▶ [Problem statement] The records below are to be reproduced exactly, and no picture should appear in the copy.

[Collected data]

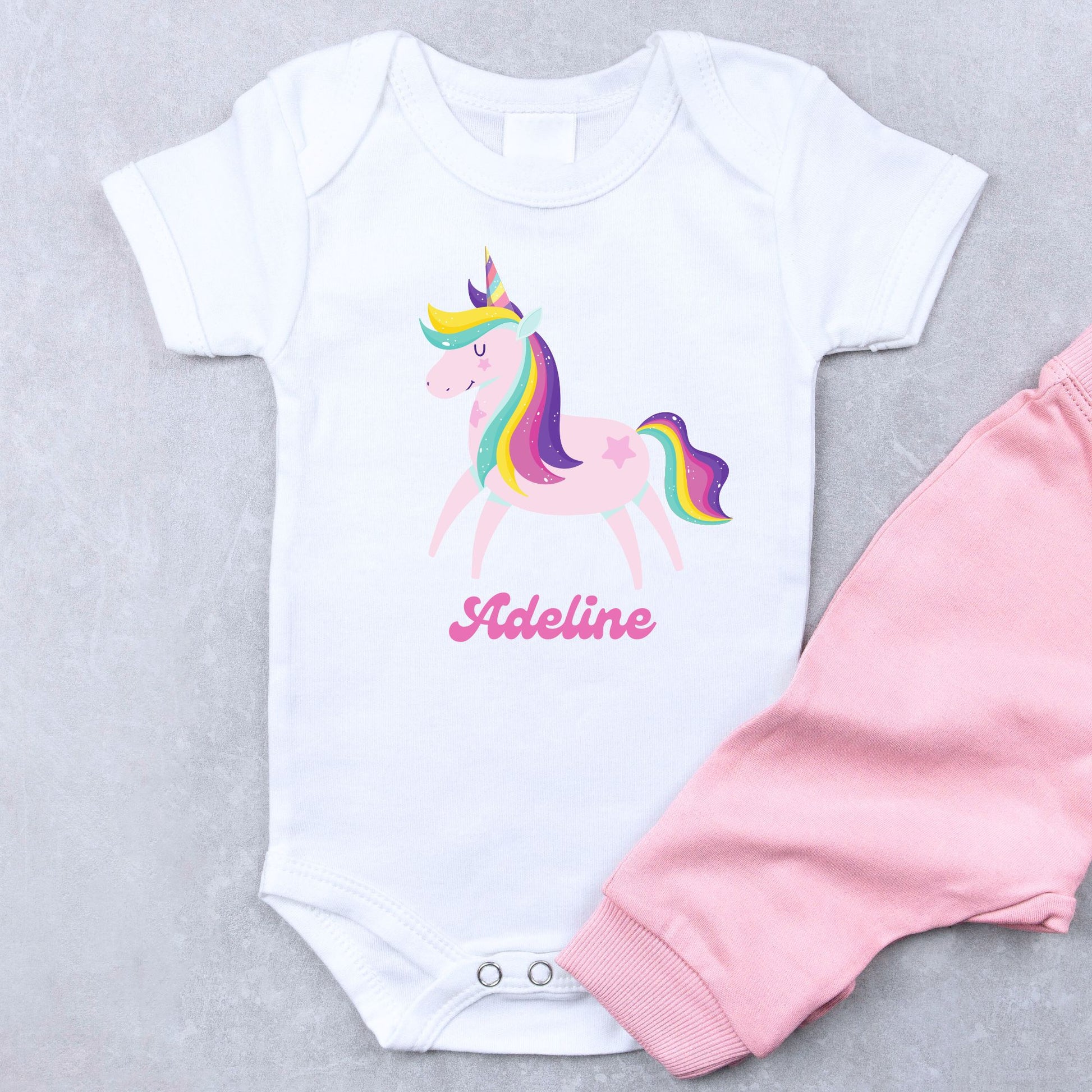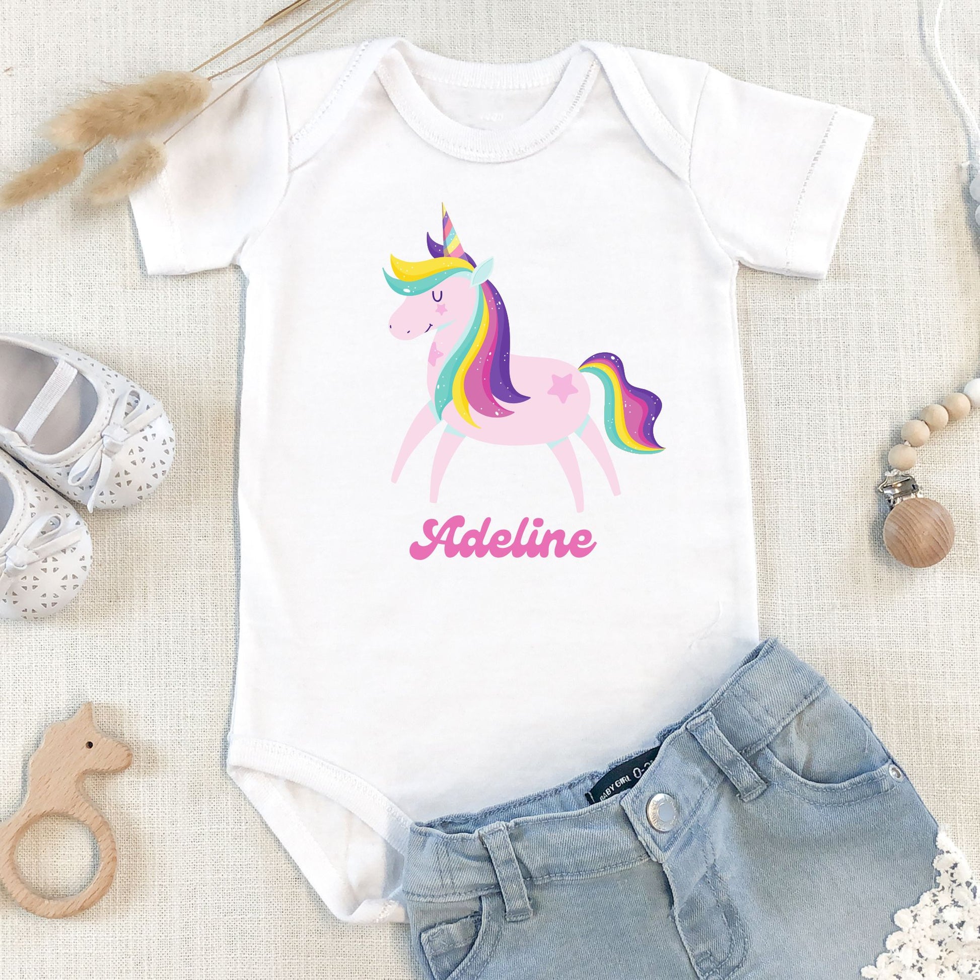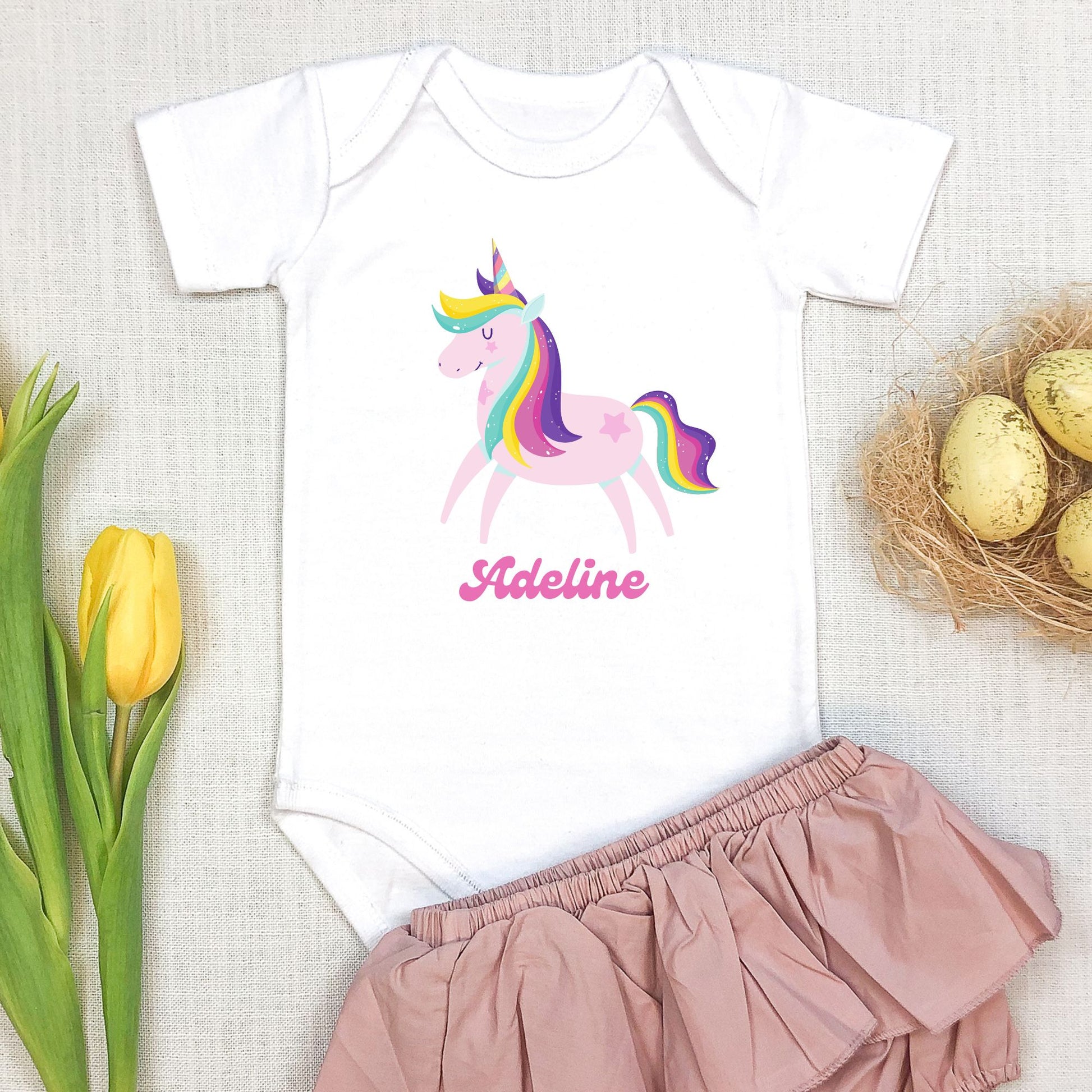 - Print: Adorable unicorn and rainbow design with personalized name
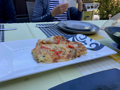 We drove tp Redwood City and spent the afternoon at Patrick and Soren's house. They made a delicious lunch for us that included these flat onion pancakes that were so tasty. It was a bit windy but warm enough. Patrick and I played four games of cribbage. All good.
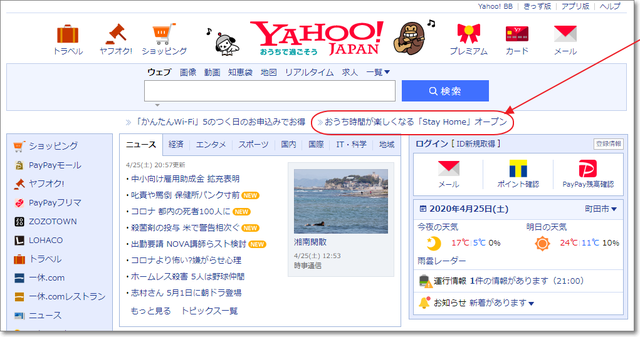 Yahoo!のトップページでも、検索窓の下にリンクがあります。
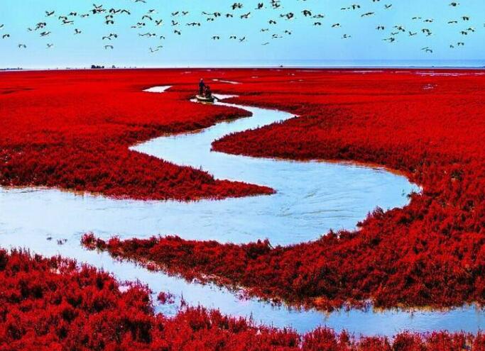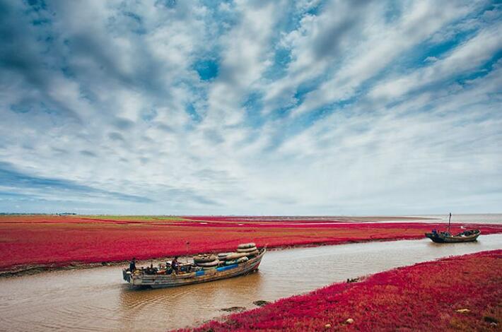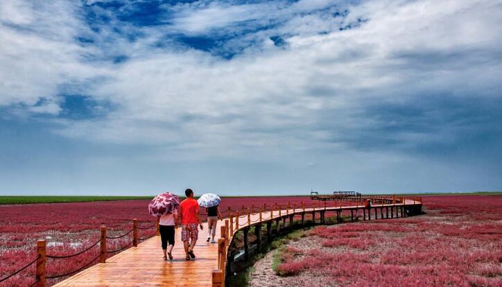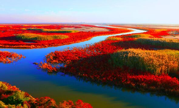 游覽后午餐,乘車前往我國北方最大的濱海濕地城市—盤錦市,抵達盤錦后前往游覽【盤錦紅海灘廊道】(游覽約3小時),紅海灘地處遼河三角洲濕地,位于盤錦市西南海濱,是由大片紅色的堿蓬草形成的著名濕地,紅海灘國家風(fēng)景廊道是紅海灘面積最大的景區(qū),在這里你可以漫步于木棧道、看紅如熾焰的堿蓬草在海岸線上無限延伸,而紅海灘遠處的油井在夕陽下更是一副迷人的畫卷,秋天來此還能看到金黃色的稻田與紅海灘相呼應(yīng),以及成群的候鳥展翅于灘涂的深處,游覽后晚餐,晚餐品嘗盤錦稻香河蟹宴,晚餐后入住酒店休息。
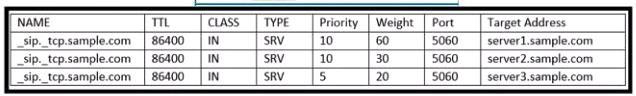 관리자는 서버 1 .sample.com이 항상 세 서버에서 먼저 연결되도록 SRV 레코드를 수정해야 합니다. 엔지니어는 이 문제를 해결하기 위해 어떤 솔루션을 적용해야 합니까?

▶ [Result for this exercise]
 - Print: Adorable unicorn and rainbow design with personalized name
 We drove tp Redwood City and spent the afternoon at Patrick and Soren's house. They made a delicious lunch for us that included these flat onion pancakes that were so tasty. It was a bit windy but warm enough. Patrick and I played four games of cribbage. All good.
 Yahoo!のトップページでも、検索窓の下にリンクがあります。
 游覽后午餐,乘車前往我國北方最大的濱海濕地城市—盤錦市,抵達盤錦后前往游覽【盤錦紅海灘廊道】(游覽約3小時),紅海灘地處遼河三角洲濕地,位于盤錦市西南海濱,是由大片紅色的堿蓬草形成的著名濕地,紅海灘國家風(fēng)景廊道是紅海灘面積最大的景區(qū),在這里你可以漫步于木棧道、看紅如熾焰的堿蓬草在海岸線上無限延伸,而紅海灘遠處的油井在夕陽下更是一副迷人的畫卷,秋天來此還能看到金黃色的稻田與紅海灘相呼應(yīng),以及成群的候鳥展翅于灘涂的深處,游覽后晚餐,晚餐品嘗盤錦稻香河蟹宴,晚餐后入住酒店休息。
 관리자는 서버 1 .sample.com이 항상 세 서버에서 먼저 연결되도록 SRV 레코드를 수정해야 합니다. 엔지니어는 이 문제를 해결하기 위해 어떤 솔루션을 적용해야 합니까?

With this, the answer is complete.